In July 2014, Scripps announced it would merge with Journal Communications, folding the two companies’ broadcast operations into Scripps, to be controlled by the Scripps family, and spinning off the newspapers as Journal Media Group. The revamped Scripps would include 34 stations in 27 markets, 4,000 employees and average annual revenue around $800 million.
Scripps had also been a newspaper syndicate, but it shut its Scripps Howard News Service in 2013 after 96 years of operation. As of the end of 2009, about 57 percent of Scripps’ revenue came from its newspapers. Scripps’ largest newspaper is the Commercial Appeal in Memphis. The company’s United Media division syndicates columns and comic strips like Dilbert and Peanuts.
Scripps tested a paywall in 2014 with one of its local TV stations, WCPO in Cincinnati, at a price of $79.99.
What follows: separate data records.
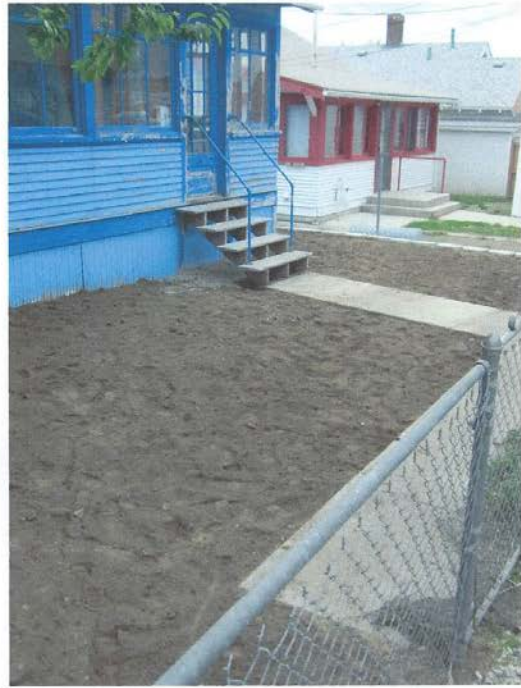
1035 Placer ( During)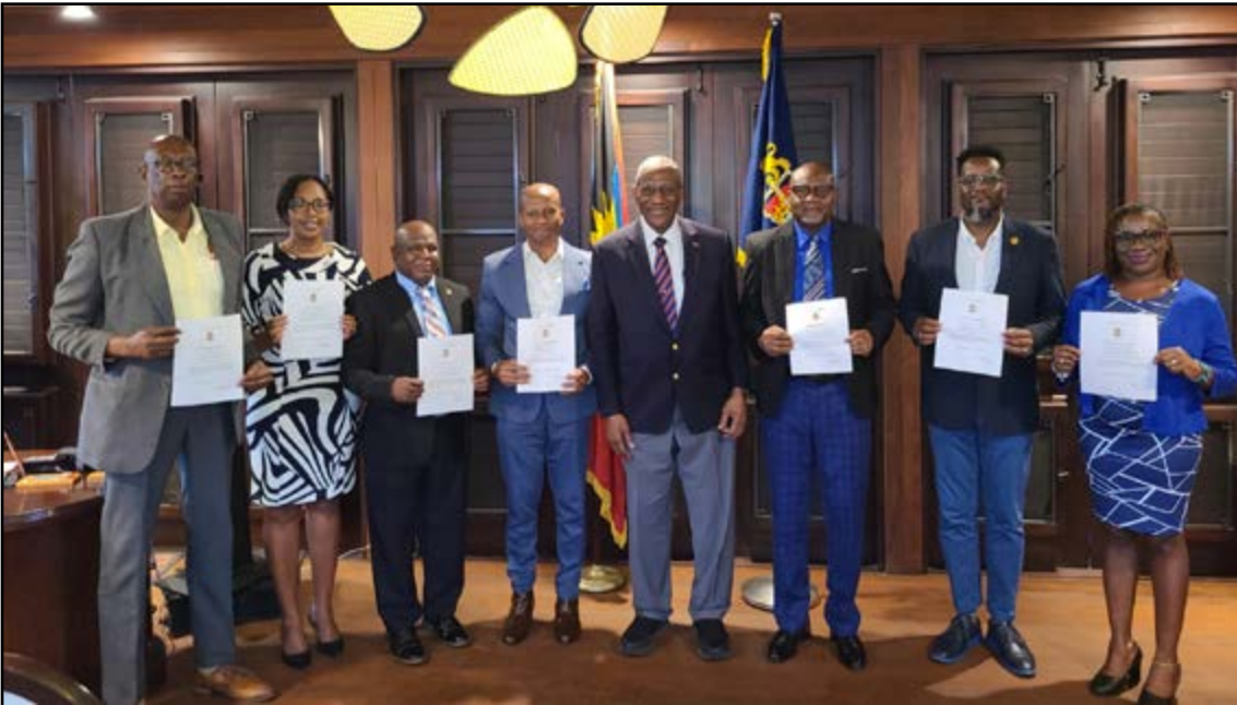
Members of the new Social Security board

The newly appointed members of the Antigua and Barbuda Social Security Board (ABSSB) were officially sworn on Wednesday at Government House. Sir Rodney Williams, Governor General of Antigua and Barbuda, administered the oaths of office and secrecy in the presence of the Board's leadership, government representatives, and guests.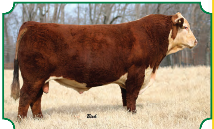
C&L CT Federal 485T 6Y--Sire of Lot 59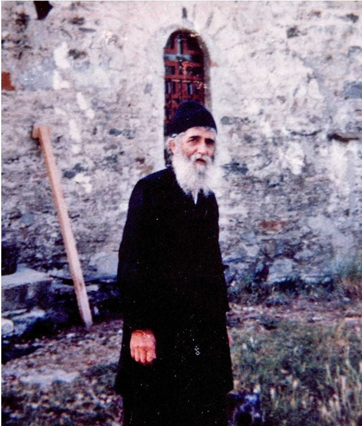
At Kelli Panagouda

I was blessed by God to manage to visit him and talk with him during that blessed and fruit-bearing period of fifteen years that he lived in the Panagouda Cell.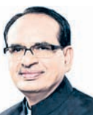
SHIVRAJ SINGH CHOUHAN | UNION MINISTER

We don't interfere with others, but if someone tries to create trouble for us, we don't spare them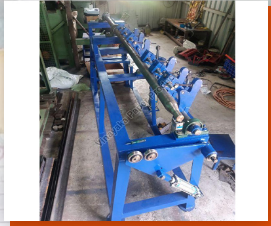
Semi Automatic Paper Core Cutting Machine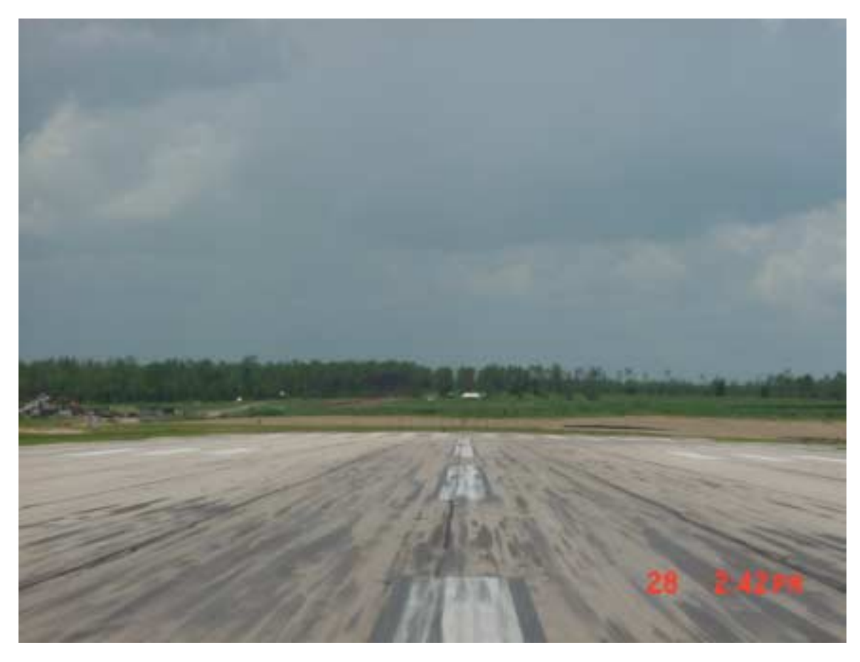
Photo 8: Approach to runway 9, as viewed from intersection point of runway 9 centerline and PAPI lighting system, looking east (accident wreckage at left-center of picture).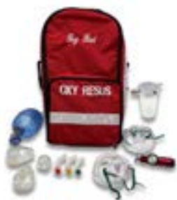
Large Resuscitation Kit – Big Red – With Suction SKU: mega005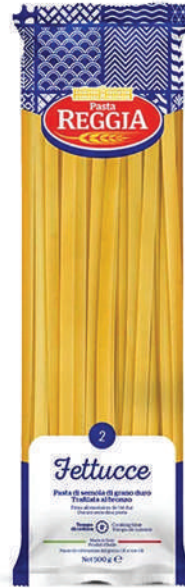
Fettucce Pasta 500g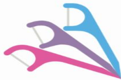
(Used floss picks)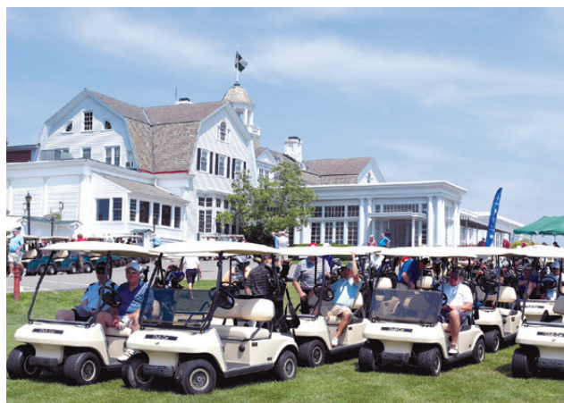
Golfers prepare for the start of the 21st Annual BHF Charity Golf Invitational on the Allegheny Country Club lawn.

A week of rain forced Baptist Homes Foundation to move its 21st Annual Charity Golf Invitational at Allegheny Country Club from its original date of May 19 to a bright and sunny day on June 23, 2014. In spite of the minor setback,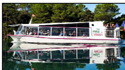
2 x 15 kW batteries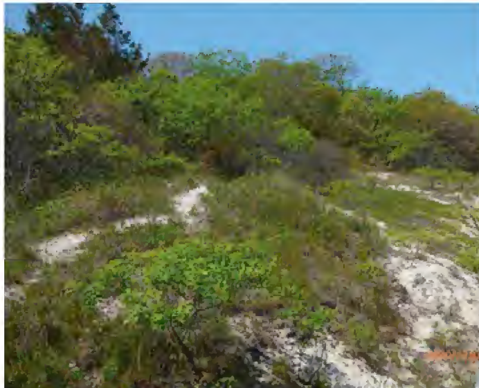
Figure 1. Habitat of blackjack oak low forest at Sunken Meadow State Park. Quercus marilandica and other oaks form a continuous stand; Prunus serotina shrub (front, center); Juniperus virginiana (tall, left rear); Arctostaphylos uva-ursi mat (center right), on bare sand. [Photo by A. Greller, May 20, 2016]

The forest is dominated by oak species, especially Quercus marilandica , the blackjack oak, which ranges in size from 3 to 5m tall (Fig. 2, 3). Other oaks seen here are: Quercus stellata , Q. ilicifolia , Q. coccinea , Q. velutina and a number of hybrids. [Ed. Note: Common names for species referenced here may be found in Table 1.] Among the hybrids Quercus x brittonii ( Q. marilandica x Q. ilicifolia ), is especially common. Other Quercus species encountered were Q. phellos and Q. palustris . These appear to be escapes from local cultivation. The tallest trees are specimens of Quercus velutina , Prunus serotina and Sassafras albidum . These grow at the crest and on the lee side of the dune ridge. Other trees observed are Betula populifolia , Amelanchier laevis and Juniperus virginiana . Robinia pseudoacacia and Ailanthus altissima are observed in areas where native trees were removed, near the western end of the boardwalk.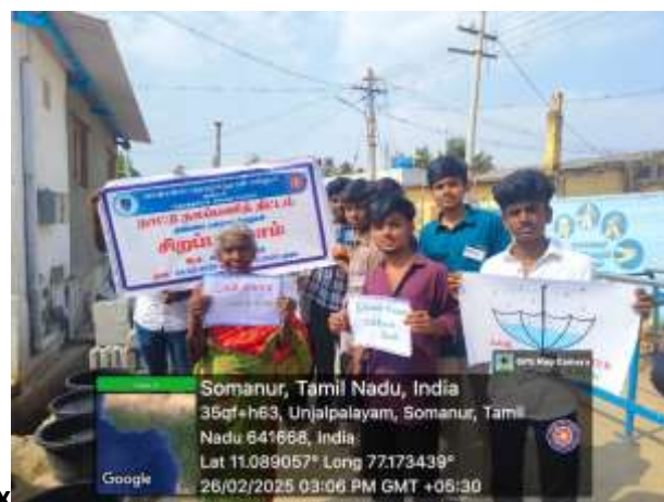
Unjalpalayam people supports our water conservation Awareness Program on 26.02.2025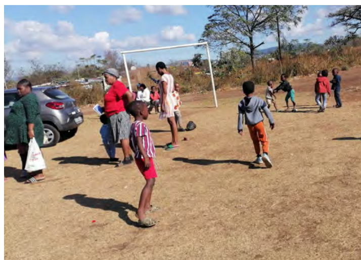
Children playing soccer after being examined.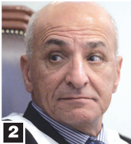
Rauf Rashid Abdel-Rahman, 64, Kurdish

Resigned citing government interference undermined court's neutrality and objectivity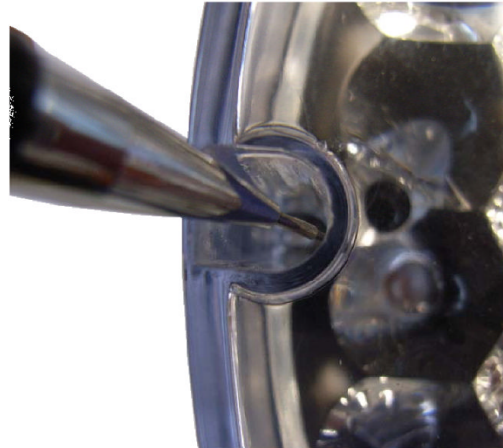
Figure 5: At risk covers, not moulded to the top.

Affected covers have the seal well down in the pillar. Figure 5 shows an example where a pencil can be inserted from the front of the cover. These are the only signals that need attention.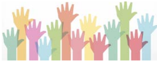
Voters' Meeting Sunday, today 7, 2026 | 10 30 a

June 7, 2026 The Second Sunday after Pentecost 9a Service of Holy Communion 10 15 a Snacks 10 30 a Voters' Meeting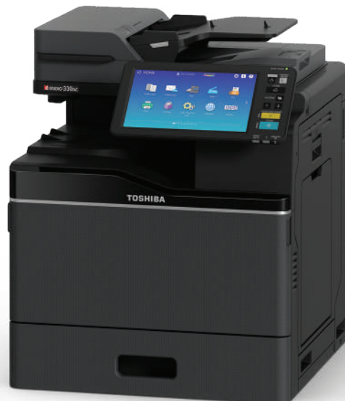
The e-STUDIO330AC/400AC Series is small enough for the desktop but big enough for the most demanding jobs with impressive features you'd expect to find on Toshiba's larger departmental MFPs.

This series not only has a compact footprint, but a compact carbon footprint. They are RoHS compliant, use recycled plastics, and have a Super Sleep (1W) Mode. They also reduce the environmental impact by being EPEAT Gold and Energy Star V 3.0 certified.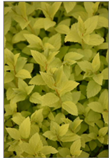
Double Play Gold Spirea foliage

This shrub should only be grown in full sunlight. It prefers to grow in average to moist conditions, and shouldn't be allowed to dry out. It is not particular as to soil type or pH. It is highly tolerant of urban pollution and will even thrive in inner city environments. This is a selected variety of a species not originally from North America.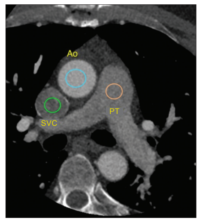
Figure 1. Attenuation monitoring sites (ROIs) within the superior vena cava (SVC), pulmonary trunk (PT), and ascending aorta (Ao).

The peripheral venous circulation time was defined as the time from the start of intravenous injection of the contrast agent (into the antecubital vein) to the detection of increased attenuation related to the arrival of the contrast agent in the ROI drawn on the distal portion of the superior vena cava. Increased attenuation was defined as a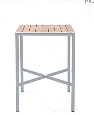
RVS-30-42TH High Top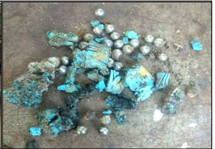
IED explosion at township electricity office in Bominyaung ward of Tatkon township on 1 November 2021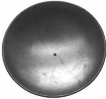
Art. 18-01 2 mm Ø55mm 0.033kg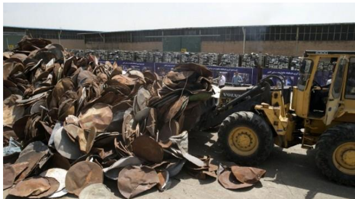
Ceremonial destruction of satellite dishes in Tehran

While IRIB’s occasionally heavy-handed methods have given its news programs a reputation for peddling pro-regime propaganda, a 2012 U.S. government funded survey found that 86% of Iranians still count IRIB among their top three sources of news, even though only half of respondents classified IRIB’s news content as “very trustworthy.” IRIB continues to dominate Iranian news consumption despite the mounted challenge posed by Persian-language news offerings by Western media organs, such as BBC and Voice of America, seeking to provide an alternative point of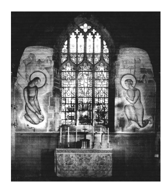
View of the east wall c. late 1940s

develop plans to restore the Gibbs murals, the barrel vault ceiling and the east window as part of the Hidden Treasures project. Other work includes installing under floor heating, new stone floor tiles and new lighting. There will be three years of heritage activities for all ages, including arts, crafts, wildlife workshops, as well as volunteering opportunities. If successful the project will begin in early 2014 with the aim of not just revealing the hidden heritage but also the skills and talents within each of us. Contact us at www.stmartinsbilborough. org.uk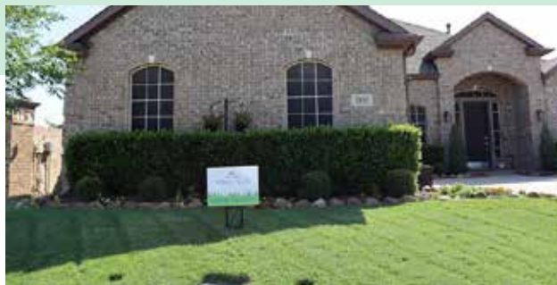
La Tierra ~ 7271 Roble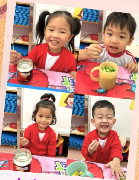
Let's taste different flavors together!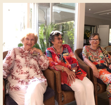
Christmas Cocktail Party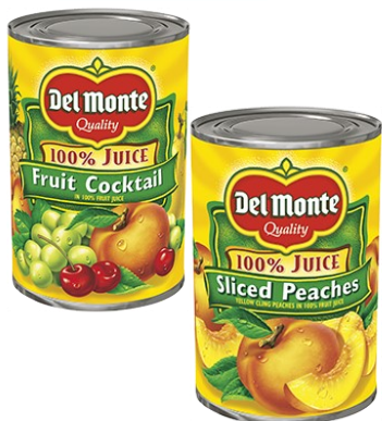
Canned Fruit in 100% Juice

We provide groceries based on USDA Guidelines for a Healthy Diet to all of our pantries and programs. Please help us provide the healthiest food possible to those in need by donating these Most Needed Items :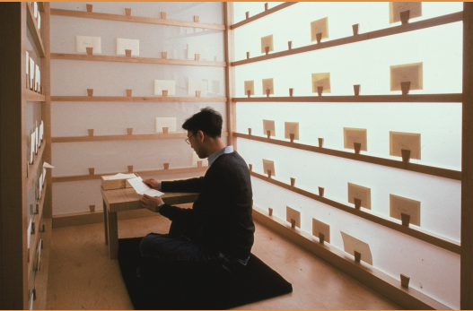
宣传图为《给自我的一封信》的姐妹作品《鱼雁计划》,2000年于“共鸣经济”展出现场, 戴维斯美术馆, 卫斯理, 美国。 Image of The Letter Writing Project , the sister project of Letter to Oneself , Installation view at "Empathic Economies," Davis Museum, Wellesley, 2000.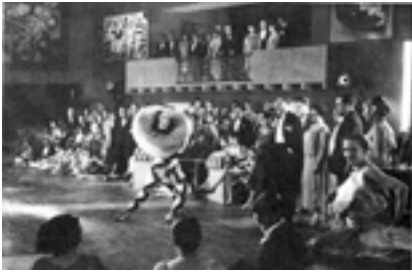
Dancer Lizica Codreano performing in Le P'tit Parigot , René Le Somptier, 1926.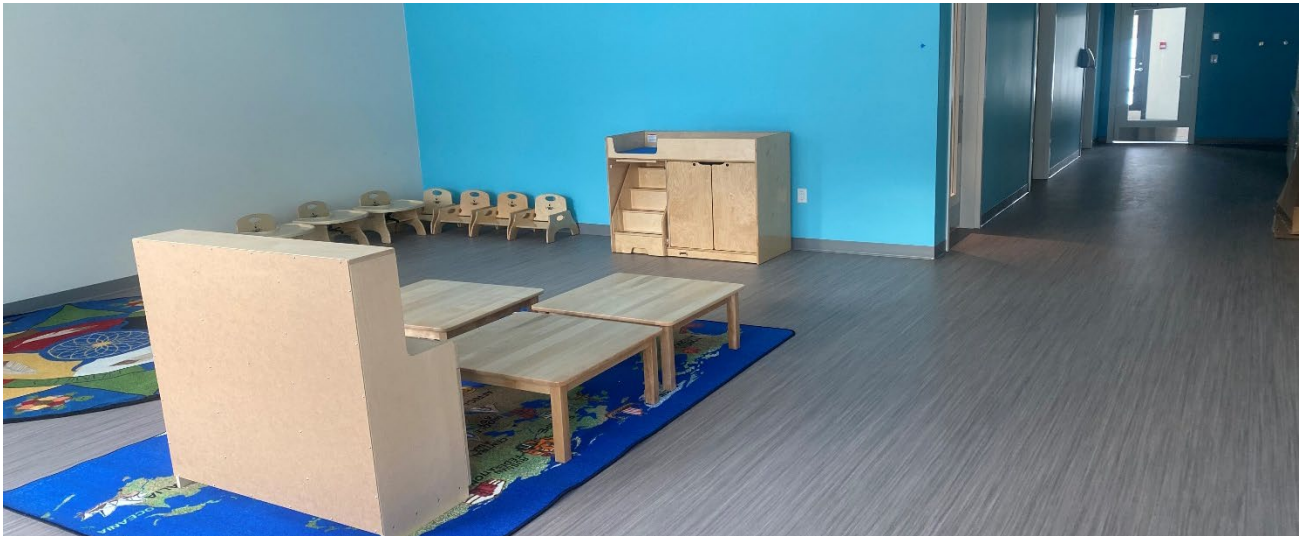
A finished classroom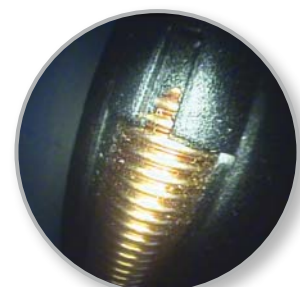
Installation position of spring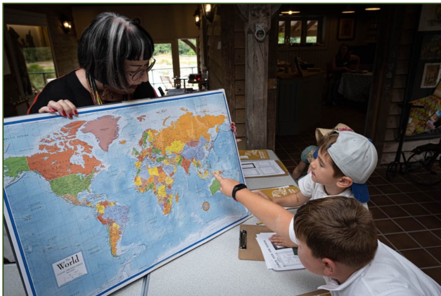
School & Group Experience Days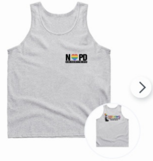
Classic Unisex Tank Top $30.00 ● ●

Click Here To Order Your NAPD Pride Merch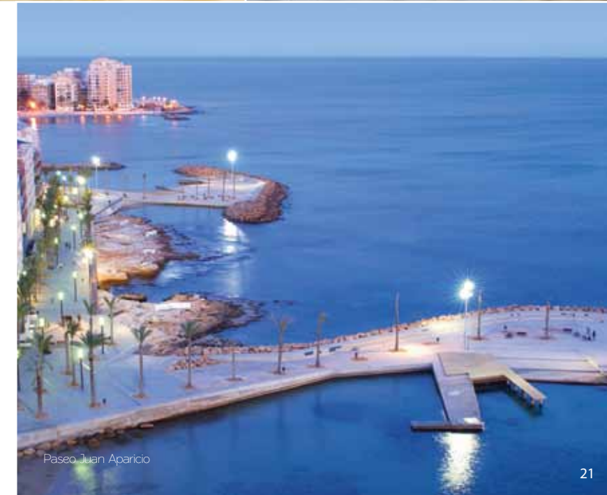
Paseo Juan Aparicio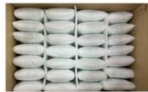
Packed with foam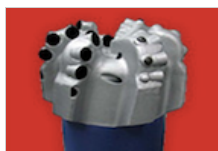
Buy HOT Shares and Invest in USA's Future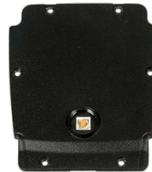
Trigger Board Back Cover

Trigger board WA9302 is required for 1D laser or 1D/2D imager ONLY when using the pistol grip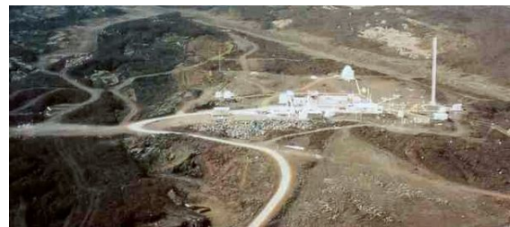
The Mauna Loa Observatory

Due to funding cuts in the mid-1960s, Keeling was forced to abandon continuous monitoring efforts at the South Pole, but he scraped together enough money to maintain operations at Mauna Loa, which have continued to the present day [5] alongside the monitoring program by NOAA. [6]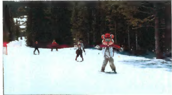
Chuck E. at Ski Santa Fe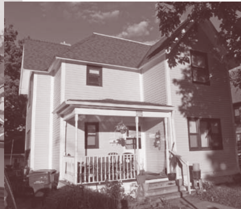
A single-family home on the Hope Block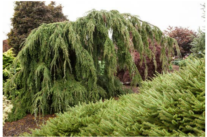
Views of Iseli Nursery

has matured over the years, and Iseli has augmented the plantings with ceramics and other hardscape, so that, even if you have visited before on other ACS trips, you will marvel at how the garden has grown and changed. We have an entire morning planned here, with espresso (practically a Pacific Northwest requirement) and snacks to fortify us as we explore a true conifer paradise.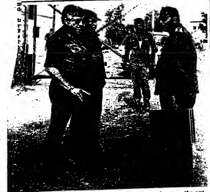
Israel and Egyptian officers talk at a small army base on the outskirts of El-Arish which is ready for handover to Egypt.

Jerusalem Post Reporter EL-ARISH. — It was the last weekend before the withdrawal, but the expected border of last-minute Israeli tourists to this North Sinai town did not materialize.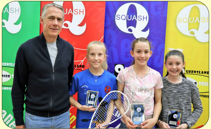
2016 U13 Presentations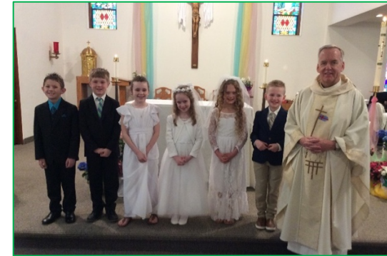
St. Patrick First Communion – April 2022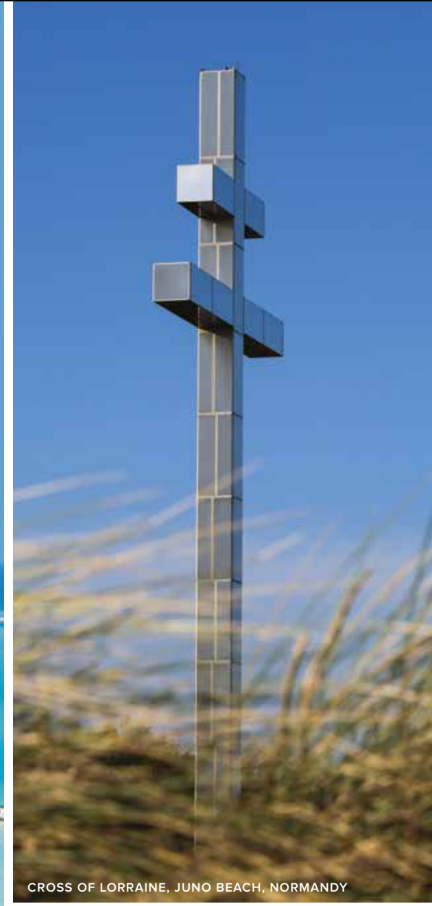
CROSS OF LORRAINE, JUNO BEACH, NORMANDY

Scripps has closed several newspapers in recent years, the largest of which was Denver’s Rocky Mountain News, which the company owned from 1926 until its closing in 2009. That closing, combined with the threat of other major metro newspapers’ closing, fed concern over whether newspapers as a medium were dying. The company also shut down the Cincinnati Post and Albuquerque (N.M.) Tribune in 2007 and 2008, respectively.